It is often seen as the scourge of modern society, but now a new study argues that modern plastics are a valuable archive documenting activities and behaviours at a crucial time in human history.

The UN estimates that 400 million tonnes of plastic is produced every year, posing one of the biggest threats to the environment. And apart from the environmental impact, microplastic particles routinely infiltrate water, soil and air and connect with humans, animals and plants.
However, lead author Professor John Schofield from the University of York in England, says plastics also help to tell the story of the modern era.
"It is easy to view plastics as a toxic legacy and the cause of environmental harm, which of course they are.
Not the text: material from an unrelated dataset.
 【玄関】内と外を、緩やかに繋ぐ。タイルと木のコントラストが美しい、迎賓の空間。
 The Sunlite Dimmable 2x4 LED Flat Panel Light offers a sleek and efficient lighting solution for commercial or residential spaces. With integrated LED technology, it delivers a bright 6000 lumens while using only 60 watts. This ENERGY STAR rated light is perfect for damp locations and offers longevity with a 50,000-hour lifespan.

But as archaeologists we can also view them from another angle entirely – as a valuable archive that documents human impacts on planetary health," he says.
"Plastics are everywhere - from the deep ocean to high mountains - so are ubiquitous, resilient, and toxic as they continually break down, eventually to nano scale."
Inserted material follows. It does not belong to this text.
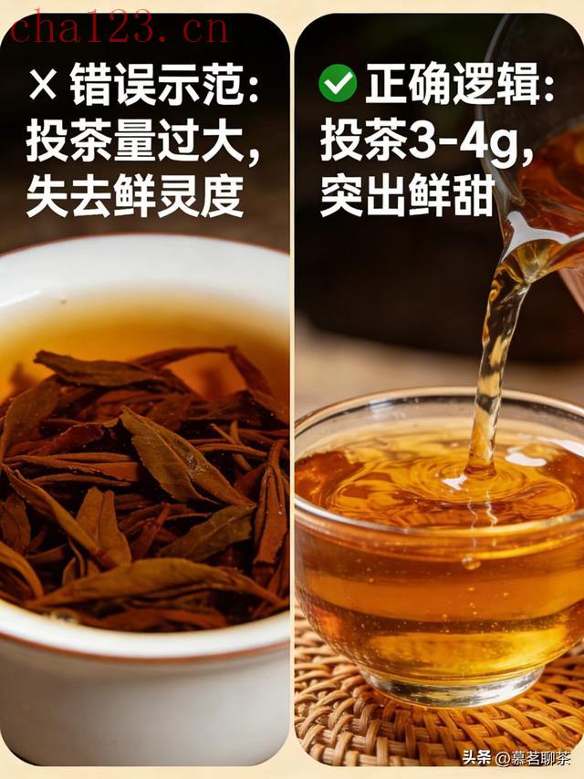 * ❌ **错误示范**:投茶量过大,导致茶汤过于浓厚,失去鲜灵度。

The new paper, including Flinders University experts including archaeologist Associate Professor Alice Gorman, questions how society should view an archaeological record that represents such a valuable archive documenting activities and behaviours at a crucial time in human history, while at the same time being a dangerous contaminant, threatening planetary health.
Professor Schofield, who is also affiliated with Flinders University, worked with a cross-disciplinary team of researchers from archaeology, history, chemistry and earth sciences at Flinders to carry out the study.
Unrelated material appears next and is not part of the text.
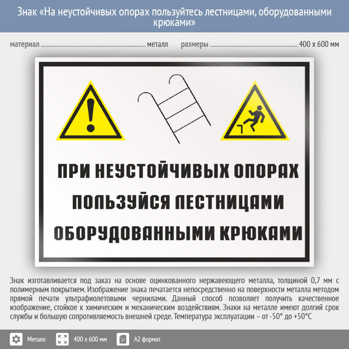 Знак «На неустойчивых опорах пользуйтесь лестницами, оборудованными крюками», КЗ-22 (металл, 600х400 мм) в Ставрополе купить

Along with fellow UK academic Dr Fay Couceiro, and Dr Alessandro Antonello from the University of Tasmania, the paper explores the potential to use the planet's Plastic Age as a way to study people's relationship with the world, in the same way that archaeologists study these relationships in the deeper past, through the evidence of stone tools, metal and ceramics.
The Plastic Age, in contrast to earlier named periods, started simultaneously all around the globe in the 1950s and is thus a global phenomenon which is deeply entrenched in other contemporary global issues such as consumerism, habitat destruction and the combustion of fossil fuels.
The study, published in the journal Cambridge Prisms: Plastics, argues that archaeology is in a perfect position to shine a light on the processes of plastic pollution as well as create a record of contemporary events and human behaviours: an 'archaeology of us'.
In recent years, archaeology has come to be defined more broadly, to not only study the deeper past but also how people in contemporary societies interact with the world around them, through studying the material culture they leave behind.

The authors of this study say we should view the environment as an archaeological archive whose record can be studied with a view to both understanding and helping to reduce plastic pollution. To do this, they suggest focusing interventions at the moment when plastics move from everyday use to discarded contexts.
Professor Schofield adds: "Only recently have archaeologists started taking an interest in plastics, and it is vital that they do. We need this archive, both to help us understand and try to reduce our impacts now but also to ensure people can understand these impacts in the future."
Flinders University Professor of Archaeology Alice Gorman says: "Our aim is to show how plastics are more than just pollution – they're a record of human behaviour in the contemporary world that extends from the deepest oceans to the furthest reaches of the solar system, everywhere that spacecraft have travelled. There are even plastics on the Moon.
"Archaeology ties all these environments together because it looks at how human materials decay in different conditions.